Alexa Tarantino – The Roar And The Whisper (ENG review)

Blue Engine Records – Street date : January 19, 2026
Jazz
Alexa Tarantino – The Roar And The Whisper

Alexa Tarantino, Between Memory and the Future

At a time when New York’s jazz ecosystem continues to negotiate the balance between preservation and innovation, Blue Engine Records has emerged as one of the most influential platforms shaping that dialogue. Directed by Wynton Marsalis and closely aligned with the mission of Jazz at Lincoln Center, the label has built its reputation by championing artists who respect the tradition while refusing to be confined by it. It is on this prestigious imprint that Alexa Tarantino releases a post-bop album that feels both deeply rooted and unmistakably contemporary.

For historical perspective, Blue Engine Records first gained widespread recognition through releases by artists as varied and influential as Wayne Shorter, Betty Carter, Rubén Blades, Willie Nelson, and John Mayer, an eclectic catalog that nonetheless shares a commitment to artistic integrity. Tarantino’s presence on the label is therefore neither incidental nor symbolic; it places her squarely within a lineage of musicians entrusted with carrying jazz forward.

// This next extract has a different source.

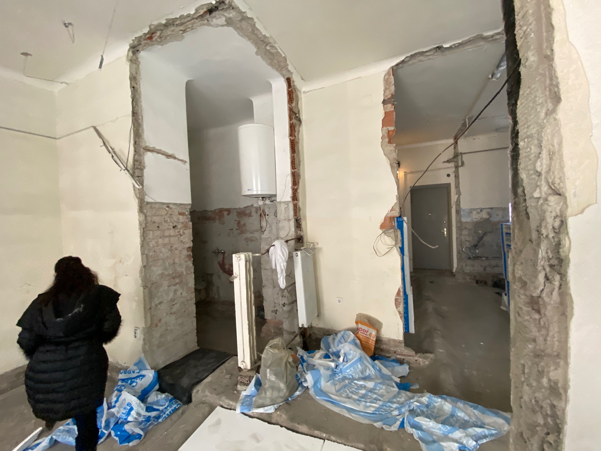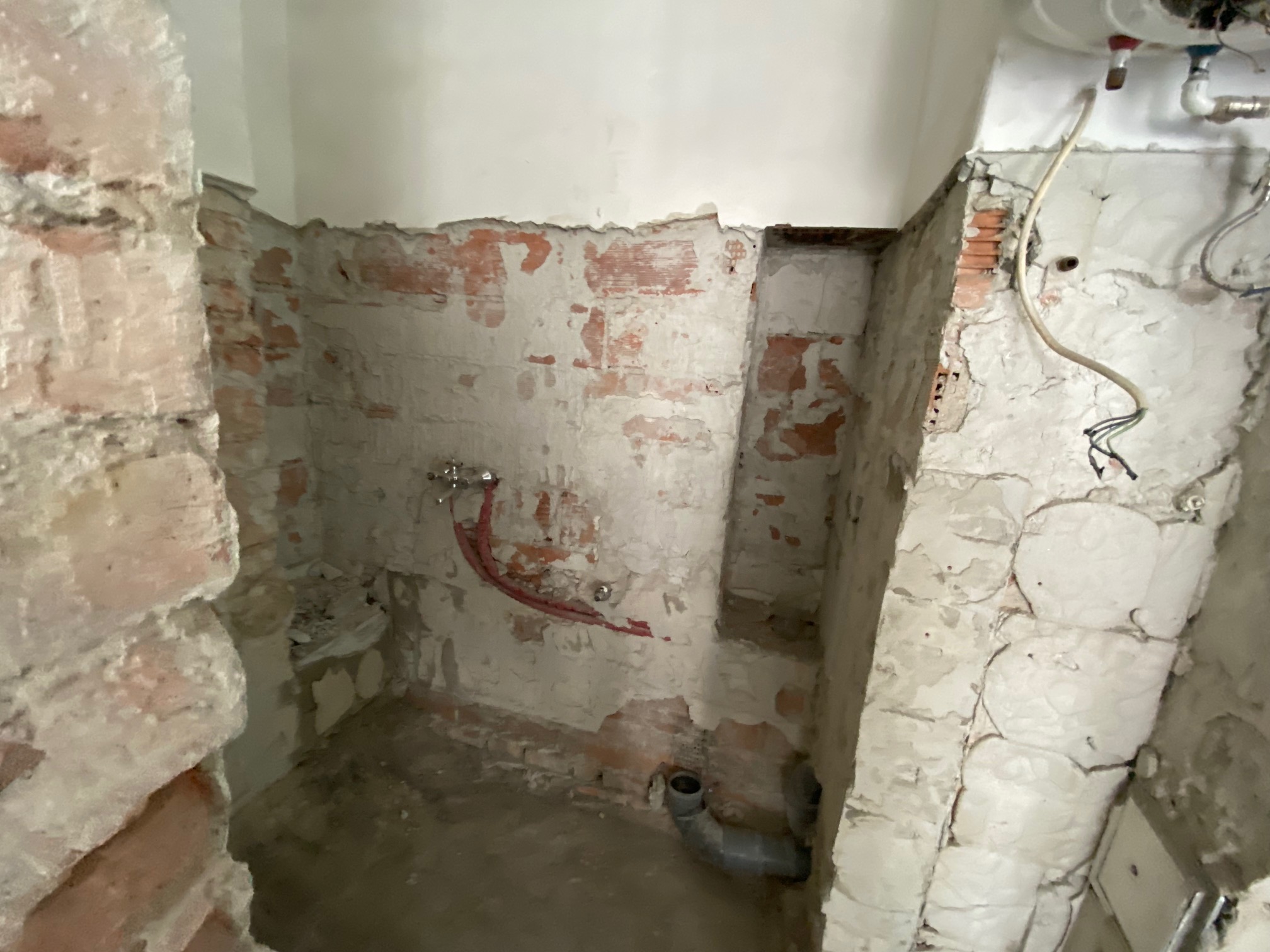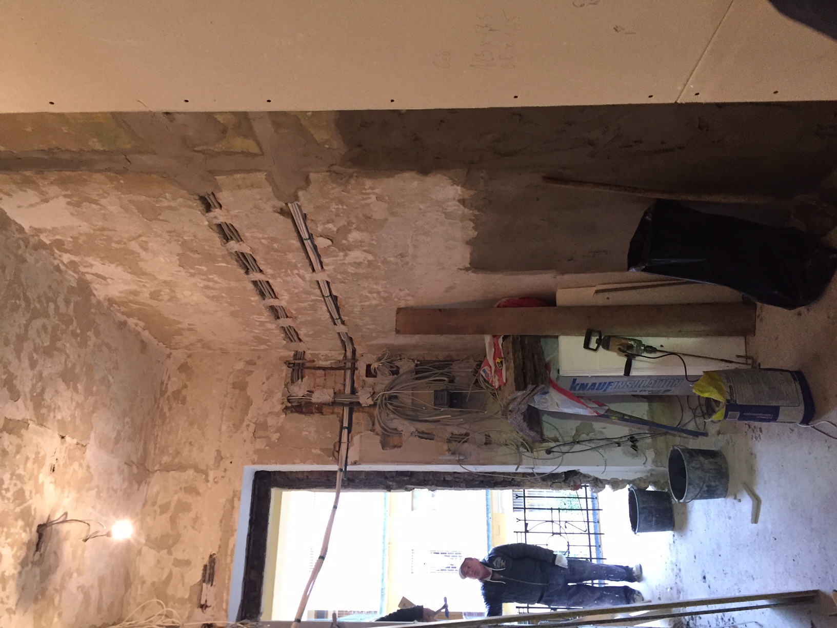 As the photos show, the renovation of this apartment required stripping it down to the bare walls. Virtually all the water, gas, and electrical wiring had to be reconsidered and redone.

Much critical attention has been paid to the incisive quality of Alexa Tarantino’s playing. Yet to focus exclusively on attack, precision, or virtuosity is to overlook the essence of her artistry. Tarantino is not merely a technically formidable musician; she is a stylist in the fullest sense of the word. Her command of silence is as expressive as her use of sound, and her dual identity as both saxophonist and flutist allows her to navigate contrasting tonal worlds with remarkable fluency. Across this album, one detects a distinctly poetic sensibility, an emotional density that transcends instrumental prowess and asserts itself as a core artistic statement.

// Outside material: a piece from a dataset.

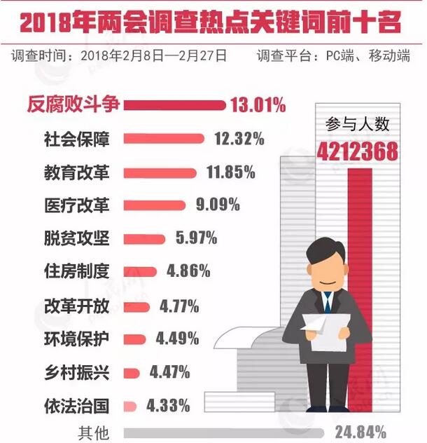 2018年3月,全國兩會將在北京召開,網(wǎng)民最關(guān)心什么?有哪些期待?而隨著環(huán)保政策的頻繁出臺,人民對碧海藍天的渴望更加強烈,環(huán)境保護問題也愈發(fā)引起人民的關(guān)注。人民網(wǎng)推出的兩會熱點調(diào)查中,“環(huán)境保護”進入前十名榜單,成為備受關(guān)注的熱點問題,而且其于2014-2018年五次上榜。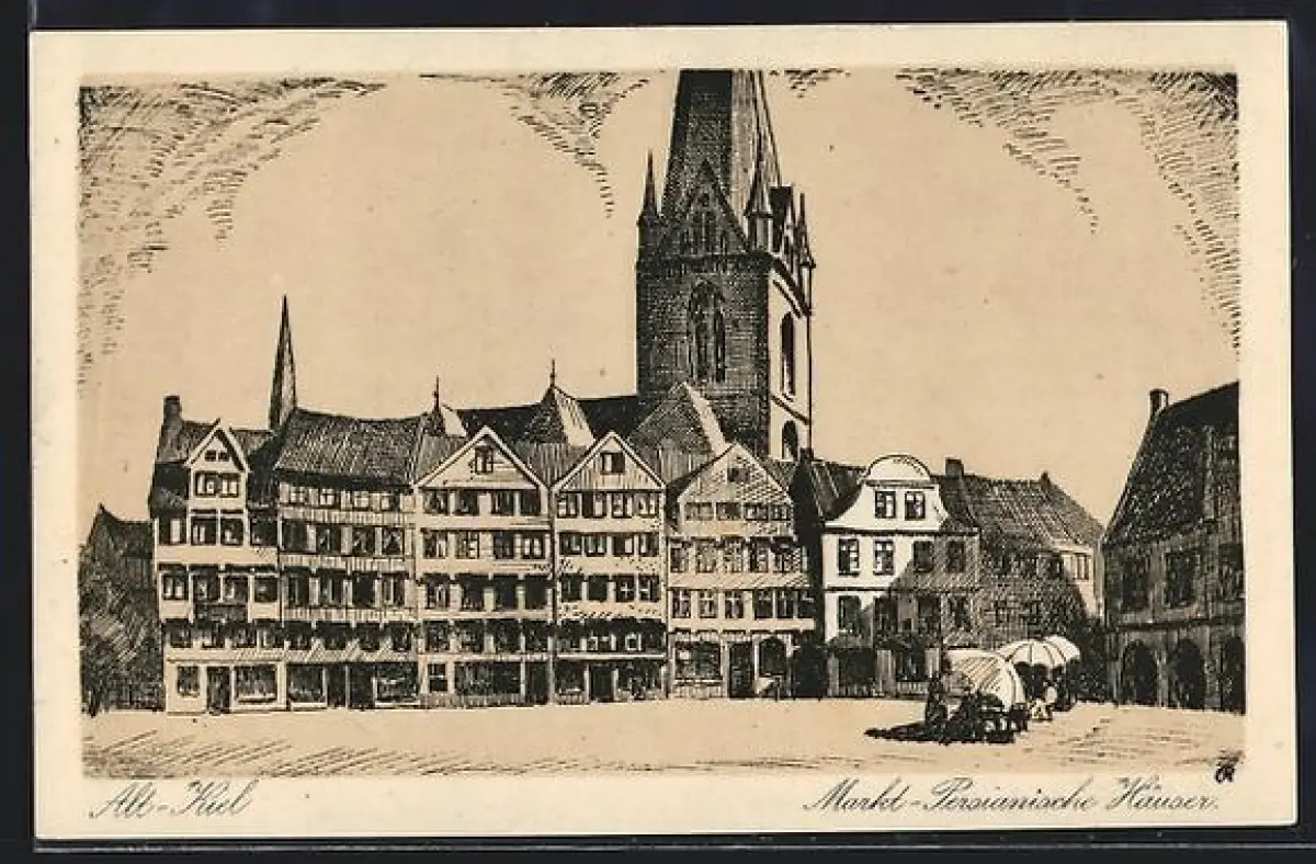 Künstler-AK Kiel, Markt, Persianische Häuser

That authority is inseparable from Tarantino’s extensive and unusually rich performance experience. Her career has taken her to some of the most respected stages in the international jazz circuit: the Jazz in Marciac Festival with Wynton Marsalis and the Young Stars of Jazz; the Umbria Jazz Festival alongside Ryan Truesdell’s Gil Evans Project; the Kennedy Center in Washington, D.C.; the Hollywood Bowl with Sherrie Maricle and the DIVA Jazz Orchestra; the Rockport Jazz Festival leading her own quintet; the Rose Theater at Jazz at Lincoln Center; the Kimmel Center for the Performing Arts with the Jazz at Lincoln Center Orchestra; and the Xerox Rochester International Jazz Festival, where she has shared space with artists ranging from LSAT to Earth, Wind & Fire. Such breadth is not merely impressive, it is formative, shaping a musician whose voice reflects both discipline and openness.

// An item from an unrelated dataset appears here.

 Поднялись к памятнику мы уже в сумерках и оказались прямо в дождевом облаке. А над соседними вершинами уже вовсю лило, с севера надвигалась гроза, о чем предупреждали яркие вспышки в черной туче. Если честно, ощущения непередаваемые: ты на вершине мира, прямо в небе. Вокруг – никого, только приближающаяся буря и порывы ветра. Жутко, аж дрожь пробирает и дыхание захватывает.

Seen through this lens, Alexa Tarantino emerges first and foremost as an artist forged by experience. That journey has enabled her to develop a personal language that feels immediately recognizable. It also reveals her as an exceptional composer, one whose fascination with sound, rhythm, and structure places her in conversation with the great interpreters of the past. In this respect, comparisons to figures such as Dexter Gordon feel less like homage than kinship. Like Gordon, Tarantino possesses an interpretive intelligence, an ability to inhabit a composition rather than simply execute it, that remains rare. Marsalis has long demonstrated a singular instinct for identifying such qualities, and once again, his judgment appears well founded.

The album itself occupies a compelling middle ground. It will resonate with listeners devoted to the classic jazz canon, while also engaging those drawn to a more exploratory, evolving form. Tarantino’s sense of melody is particularly striking; several themes linger long after the music ends, suggesting a composer attentive not only to structure but to memory.

Inevitably, careful listening evokes echoes of landmark recordings from the 1950s and 1960s. This sense of temporal displacement feels intentional, as if the album invites the listener into a carefully constructed space-time journey through familiar harmonic landscapes. Yet beneath that surface familiarity lies a vision that is unmistakably forward-looking. Evidence of this can be found in Tarantino’s work with vocalist Cécile McLorin Salvant, presented here in a register that departs from her customary terrain. When an artist succeeds in drawing another creative force beyond her comfort zone, it speaks to a compositional confidence that goes well beyond instrumental mastery.

Indeed, while Tarantino’s technical command is beyond dispute, what ultimately demands recognition is Tarantino the composer. In an era when instrumental virtuosity often dominates discourse, this album insists on a broader understanding of authorship and intention.

Within today’s jazz landscape, the growing presence of women has coincided with a surge of originality and renewed vision. Tarantino’s work stands firmly within that movement, offering neither polemic nor posturing, but a quietly persuasive argument through sound alone. This is not an album that yields its full impact on first listening. It rewards patience, repetition, and attentiveness. Personally, I found it difficult to disengage once immersed.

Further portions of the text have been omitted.